Лаус так и не нашел работы, и мало-помалу они с Гудрун свыклись с мыслью, что ему придется ехать на работу в Германию. Они утешались тем, что ему будет там не хуже, чем другим.
Отчасти Лауса толкнула на этот шаг его теща, которая заявила, что думала, раз он берет Гудрун в жены, то будет о ней заботиться. И отчего, мол, он воображает себя слишком важным барином для работы в Германии, коли родной отец Гудрун не считает зазорным там работать? Чем кормиться милостью семьи, лучше бы Лаус вел себя, как подобает мужчине. Ничего не скажешь, теща Лауса умела внести ясность в любой вопрос. Но и Якоб не уступал ей в этом.

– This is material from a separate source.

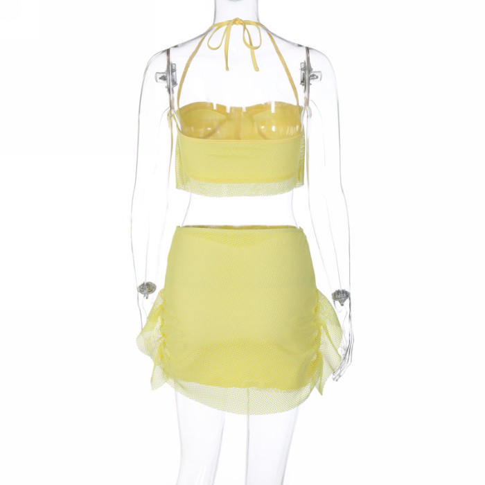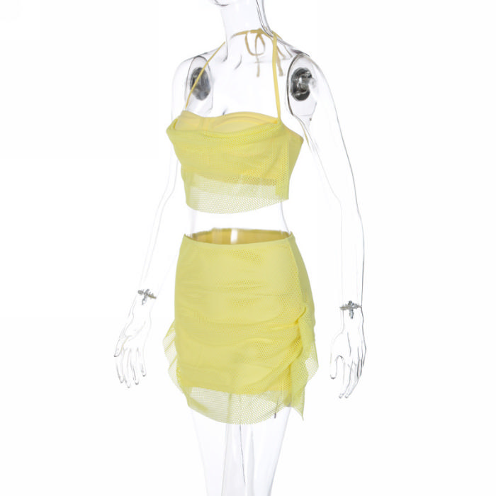 (Real Image)2023 Styles Women Sexy&Fashion Spring&Summer TikTok&Instagram Styles Mesh Yellow Two Piece DressSKU: #CF38229-1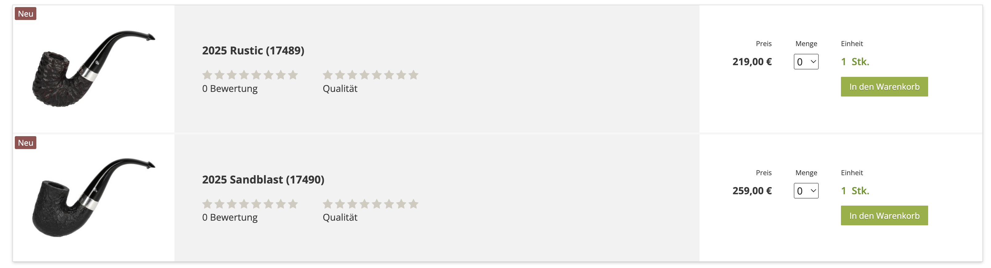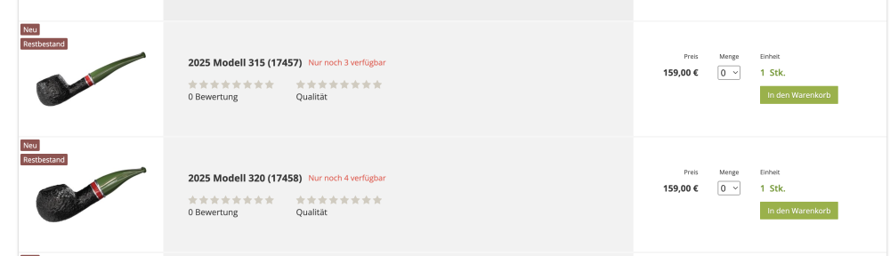 Es sind zahlreiche Editions-, Weihnachts- und Jahrespfeifen eingetroffen, auf die einige Pfeifenraucher schon sehnsüchtig warten. Außerdem eignen sich diese Pfeifen ganz hervorragend als Geschenk. Falls Sie Ihre Lieben darauf aufmerksam machen wollen, was Sie sich zu Weihnachten wünschen, wäre jetzt eine passende Gelegenheit. Wie immer gilt es auch jetzt zu beachten, dass diese Pfeifen nur begrenzt verfügbar sind.

– Каждый рабочий, который едет в Германию, поставляет нового солдата в армию фашистов, – заявил Якоб сыну. – Ты разве не понимаешь, что помогаешь этим скотам выиграть войну?
– Но если я не пойду на эту работу, мы с голоду умрем, – оправдывался Лаус, не зная, кого ему слушать.
– Какое нам дело до всей этой войны и политики, – сказала Гудрун. – Нам и без них горя хватает. Каждый заботится о своей семье, и никто не вправе нас этим попрекать. – И она ушла сердитая и обиженная. Легко ли им с Лаусом расставаться! Об этом небось никто не думает.
Карен ночи напролет не спала и все ломала голову, как быть. Иногда она плакала – причин было довольно.
Она помогла молодым сложить вещи Лауса, нажарила в дорогу котлет – путь предстоял долгий, купила сыну новую рубаху и носки.
– Ох, господи, как нам всем не хватает света на улицах, покоя и мира, – с грустью сказала Карен.
И Лаус уехал. Якоб не простился с сыном – они так и не помирились.
Когда кто-нибудь называл в его присутствии имя Лауса, Якоб сердился и мрачнел. Его угнетала мысль, что сын пошел работать на немцев.